Murillo Ornat, Silvia:Reformulation processes in European project websites: an exploratory study”

Abstract

Nowadays, most international projects have an associated website, which is potentially used as a means to disseminate the results of their research and to enhance the academic projection of the participating scholars and institutions. These websites usually include several sections with common headings/ links (About us, Objectives, etc.) and, in order to write their contents, some constant assumptions must be made about the readers’ background knowledge and processing resources. We can find traces of such assumptions in reformulation processes, for instance in definitions of technical terminology, or in simple explanations or paraphrases of previous statements (Blakemore 1993, Hyland 2007).

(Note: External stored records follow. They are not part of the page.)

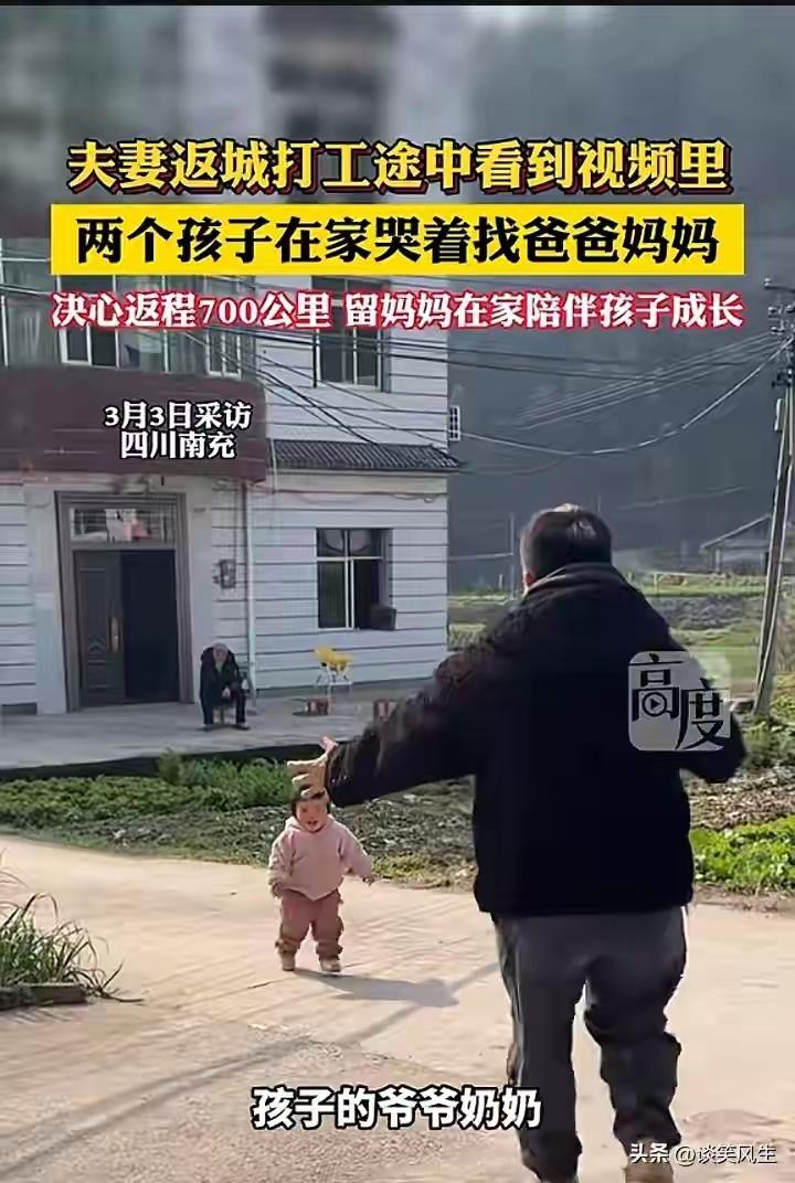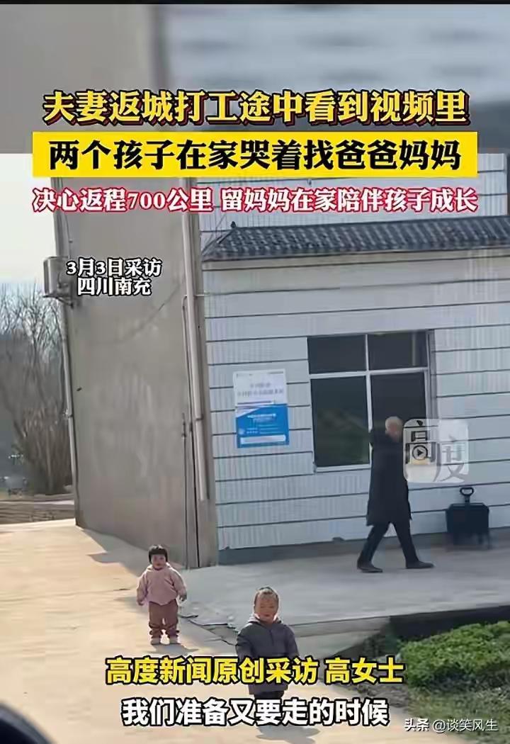 返程 700 公里突接视频,龙凤胎哭喊声让夫妻当场崩溃:掉头回家!这一转,转醒了多少打工人的梦!“爸爸、妈妈,不要走……" 屏幕那头,两个刚满三岁的孩子哭得撕心裂肺,小脸涨得通红,泪水像断了线的珠子一样往下掉。这声音透过手机听筒传出来,像是一把锋利的尖刀,瞬间刺穿了高女士和丈夫构筑了一路的心理防线。 此时,他们的车已经行驶在离四川南充老家 700 多公里的高速公路上。窗外是飞速后退的风景,车内原本还盘算着新一年的打工计划:多干点活,多挣点钱,给家里的龙凤胎换个好点的幼儿园,再存钱翻修老屋。然而,当爷爷奶奶拨通那个视频电话的瞬间,所有的“未来规划”都在孩子绝望的哭喊声中崩塌了。 高女士的眼泪夺眶而出,握着方向盘的手止不住地颤抖。坐在副驾驶的丈夫红着眼眶,沉默了仅仅几秒,便从牙缝里挤出几个字:“掉头,回家!” 没有犹豫,没有商量,甚至没有考虑已经开出去的路程和即将损失的路费。方向盘猛地一转,车头调转,这辆承载着无数打工人心酸与希望的车,重新驶向了家的方向。700 公里的路,来时满怀憧憬,归去却是满心愧疚与急切。 这对夫妻的故事,是千万中国外出务工家庭的真实缩影。每年春节过后,这样的离别都在全国各地上演。为了碎银几两,为了给孩子一个所谓的“更好未来”,父母们不得不狠心将年幼的孩子留给老人,背起行囊远走他乡。他们总以为,孩子还小,不懂事,等长大了就明白了父母的苦心。可现实却给了他们最沉重的一击:孩子不是不懂,他们是太懂了。 三岁的龙凤胎,正是最依恋父母、最需要安全感的年纪。他们或许无法用语言完整表达思念,但那撕心裂肺的哭声,就是最无声的控诉。在高女士夫妇看来,这 700 公里的距离,隔开的不仅仅是地理上的空间,更是孩子童年里最珍贵的亲子时光。 当他们风尘仆仆地推开家门,两个孩子像两只受惊后终于找到依靠的小兽,疯了一样扑进怀里,死死抱住不肯撒手。那一刻,所有的疲惫、纠结、对收入的焦虑,都化作了满心的酸楚与温暖。高女士紧紧搂着孩子,在心里默默做了一个决定:这次,再也不走了。 经过深思熟虑,夫妻俩达成了一个令人心酸却又无比坚定的共识:妻子留在家里全职照顾孩子,丈夫独自继续外出务工,扛起整个家庭的经济重担。 这个决定意味着什么?意味着家里的收入将减半,意味着丈夫肩上的担子会更重,意味着生活的压力会成倍增加。但在“赚钱”和“陪伴”这道选择题面前,他们毫不犹豫地选择了后者。高女士说:“童年就那么几年,一旦错过了,花再多钱也买不回来。我们拼命工作是为了孩子,可如果孩子的未来里没有父母的陪伴,那这一切又有什么意义?” 这句话,戳中了多少人的泪点? 在这个快节奏的时代,我们听过太多“拿起砖头抱不了你,放下砖头养不起你”的无奈叹息。无数父母在现实的夹缝中挣扎,试图在生存与生活之间寻找平衡,却往往顾此失彼。我们总想着等孩子大一点、等手头宽裕一点、等忙完这一阵,再好好陪陪孩子。可是,孩子的成长是一场无法回放的单程电影,那些缺失的拥抱、缺席的家长会、错过的第一次走路和第一次说话,将成为父母心中永远无法弥补的遗憾。 高女士夫妇的“掉头”,看似是一次冲动的行为艺术,实则是为人父母最本能的觉醒。它告诉我们:钱可以慢慢挣,路可以慢慢走,但孩子的童年,真的等不起。 这不仅仅是一个关于四川南充夫妻的故事,它是写给所有在外漂泊的打工人的警示录。我们常常误以为,给孩子提供优越的物质条件就是爱,却忽略了孩子内心最渴望的,不过是爸爸妈妈温暖的怀抱和朝夕相处的安全感。 或许,并不是每个家庭都有条件让一方留守,每个人的处境都有不同的难处。但至少,这个故事提醒我们:在奔波劳碌的间隙,请多给孩子打一个视频电话,多听听他们的声音;在可能的情况下,尽量缩短分离的时间,不要让“等待”成为孩子童年的主旋律。 平凡的日子里,一家人整整齐齐,哪怕粗茶淡饭,只要心里有牵挂,身边有温暖,这就是最踏实的幸福。愿每一个在外打拼的父母,都能在孩子需要的时候,及时出现在他们身边;愿每一个留守儿童,都能被温柔以待,不再对着空荡荡的房间哭泣。多胎龙凤胎 龙凤胎寻亲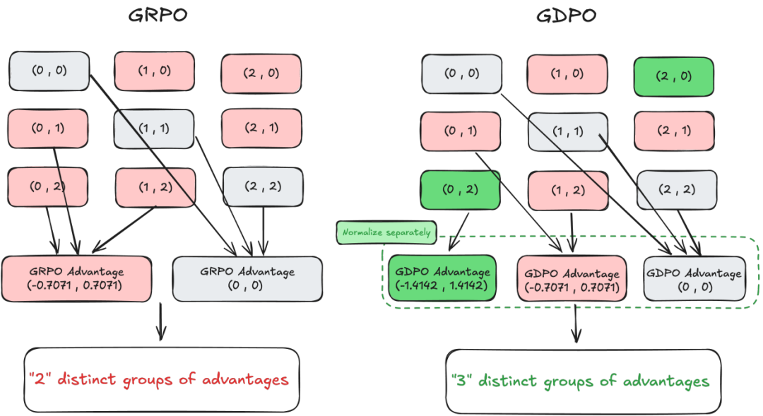 图2 在包含两个二元奖励、两个 rollout 的示例中,GRPO 与 GDPO 的优势值计算对比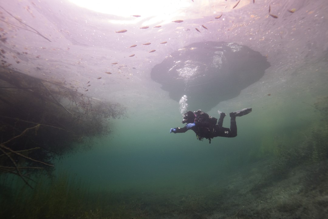 Liebe Tauchlehrer: Übt mit euren Schülern tarieren bis zur „Mastery“ bevor ihr mit ihnen über die bewachsenen Flächen und Quellen taucht. Haltet genügend Abstand zum Grund und seid bereit einzugreifen. Die nachfolgenden Taucher und Generationen werden euch danken auch etwas von dem See zu haben.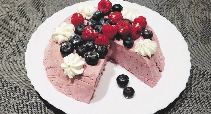 DESERTĀ skābā krējuma kūka ar izteiktu svaigu ogu aromātu būs baudījums jebkuram kārumniekam. Ogas un to proporcijas varam izvēlēties pēc savas garšas un iespējām. Atliku rotāšanai skaistākās avenes un lielogu mellenes, pārējās ogas sasmalcināju ar mietveida blenderi viendabīgā masā, ko vēl varam izberzt caur sietu. Želatīnu aplēju ar 150 mililitriem auksta novārīta ūdens un atstāju uzbriest. Uzbriedināto želatīnu samaisīju ar ogu biezeni un maisot sildīju neuzvārot, līdz tas bija izšķīdis. Noņēmu no plīts un atdzesēju. Ogu masu lēju lielā bļodā, pievienoju skābo krējumu un pūdercukuru un ar mikseri saputoju. Tad visu pārlēju ar pārtikas plēvīti izklātā veidnē un ievietoju ledusskapī sastingšanai vismaz uz 4 – 6 stundām. Vēlāk kūku uzmanīgi apvērsu uz lēzenā šķīvja un rotāju ar svaigām ogām. Tās varam papildināt ar kādu piparmētru lapiņu, kā arī pārkaisīt ar pūdercukuru.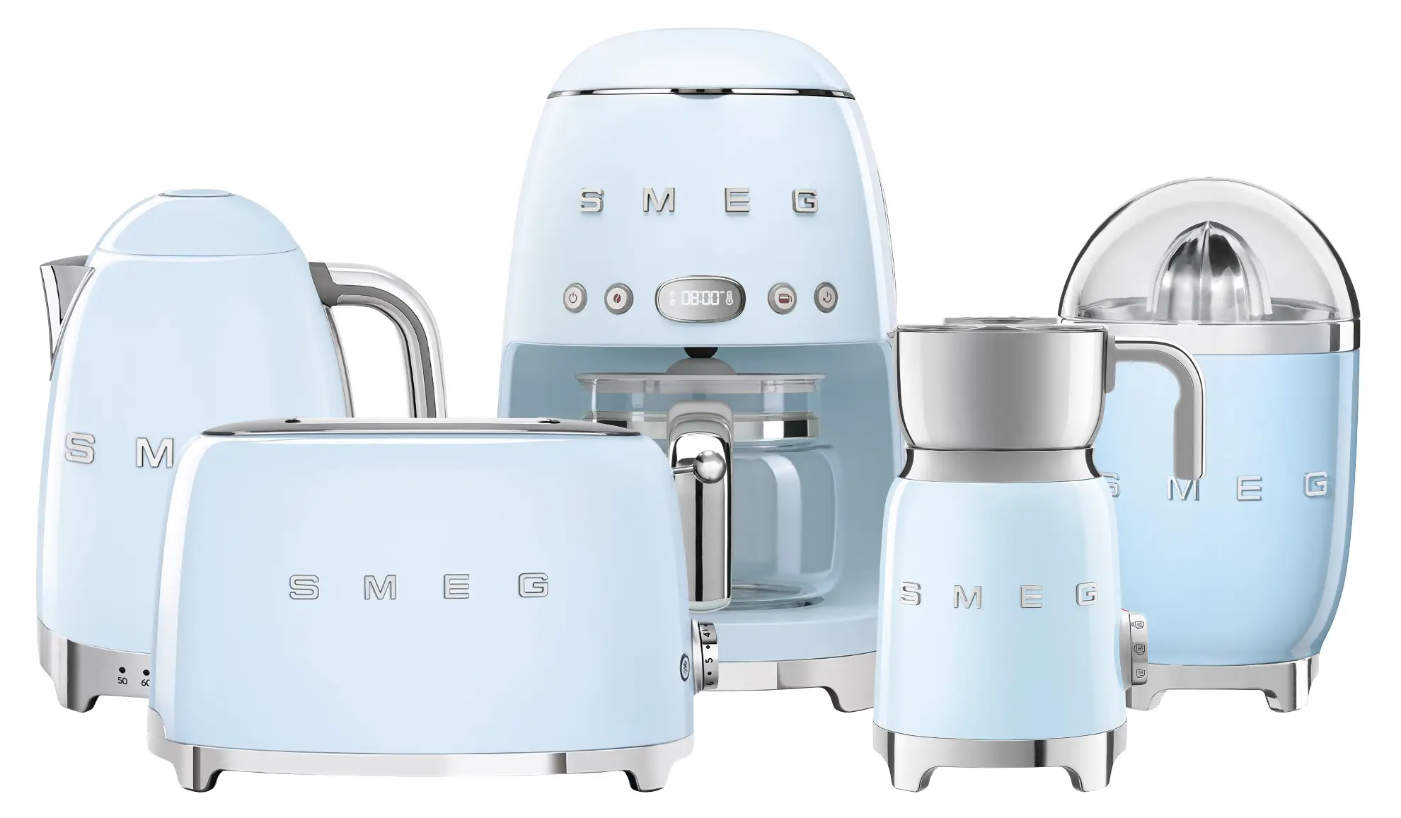 Zestawy produktów z ekspresami z linii 50’s Retro Style marki Smeg ułatwią i przyśpieszą przygotowywanie kawy lub śniadań - czajnik z regulacją temperatury umożliwi zagotowanie wody na herbatę, toster pozwoli zrobić grzanki, wyciskarka da opcję przygotowania świeżego soku, a spieniacz przyda się do łatwego uzyskiwania spienionego mleka. Konstrukcje urządzeń wykonane są z wysokiej jakości materiałów - m.in. tworzywa i stali nierdzewnej - i mają przemyślany design o opływowych kształtach i chromowanych podstawach, który w połączeniu z kolorowymi wykończeniami sprawia, że elegancko prezentują się one na blacie kuchennym, dzięki czemu można je przechowywać na widoku, gdy akurat nie będą używane.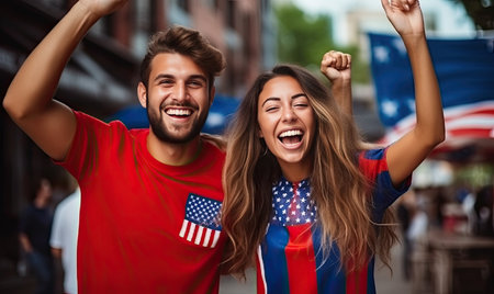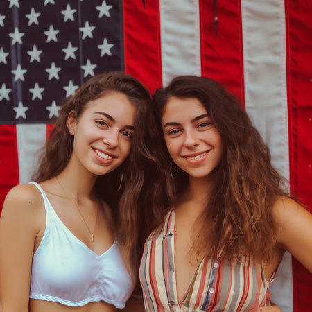 A group of happy young friends with an American flag in the background. The friends are smiling and looking at the camera. The image is perfect for use in advertising, marketing, and social media.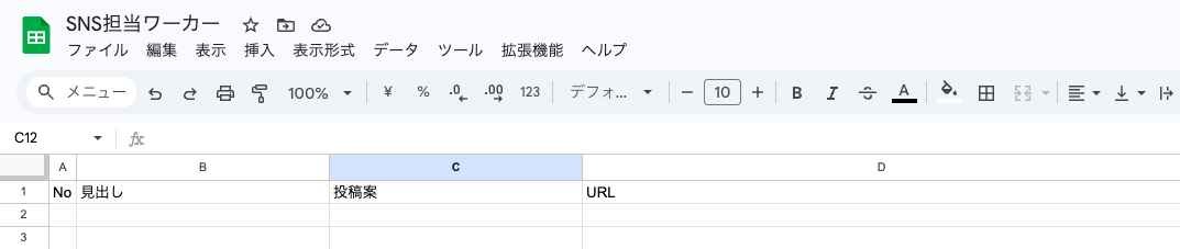 Google スプレッドシートを追加するにあたって、投稿案を入力するためのシートを準備しておきます。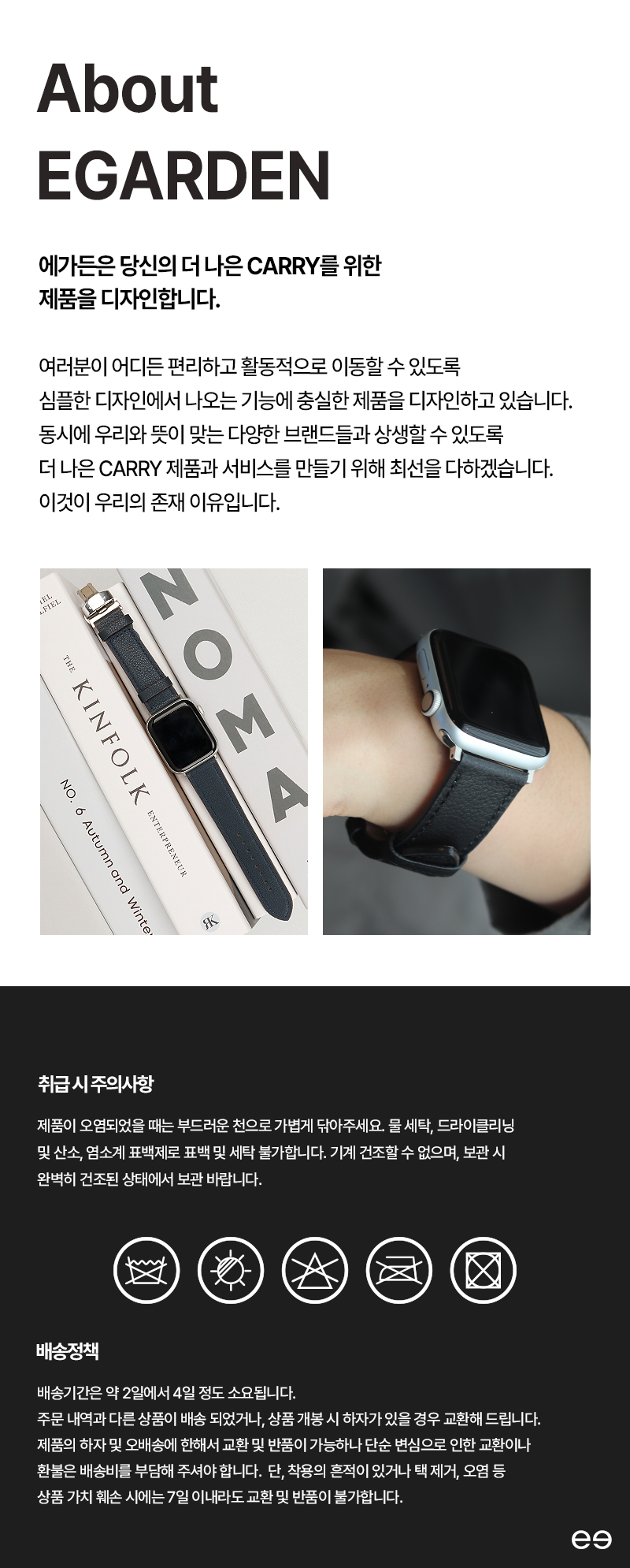 EGARDEN(에가든)은 소중한 것은 아름다워야 한다는 것에서부터 시작합니다. 사람들은 아름다움을 시각적인 화려함으로 대부분 생각합니다. 하지만 에가든에서 말하는 아름다움이란 내가 모든 의지를 가지고 의욕 하지 않을 수 없는 곳에 있다고 생각합니다. 즉, 밖으로 보이는 아름다움이 아닌 내면에서 나오는 아름다움입니다. 에가든은 시각적인 화려함을 추구하지 않을 것입니다. 사람들에게 아주 소중한 것의 내면의 아름다움이 나올 수 있도록 제품을 만들겠습니다.

Thus, the aim of this presentation is to explore the role that reformulation plays in the text included in international project websites. In order to do this, I will provide a qualitative analysis of 20 websites of European projects (funded by the Horizon 2020 research programme), which form part of the materials for a pilot study on digital genres carried out by the InterGedi research group at the University of Zaragoza. I will focus specifically on the sections of the websites that are used to state the aim of the project and describe their main activities. Both marked (by reformulation markers, metalinguistic expressions, and punctuation signs such as parentheses), and unmarked reformulations (for instance, paraphrases) will be considered. In order to analyse marked reformulations and to identify -and analyse- unmarked reformulations, I will take as a reference the different discourse processes introduced by reformulation markers in academic texts, mainly, identification, specification, explanation/illustration, definition and denomination (Murillo 2012).

From this analysis, some preliminary insights can be gained into the target readership of the analysed sections of the websites (i.e., the general public, scholars in the field, scholars not necessarily working in the same field, etc.).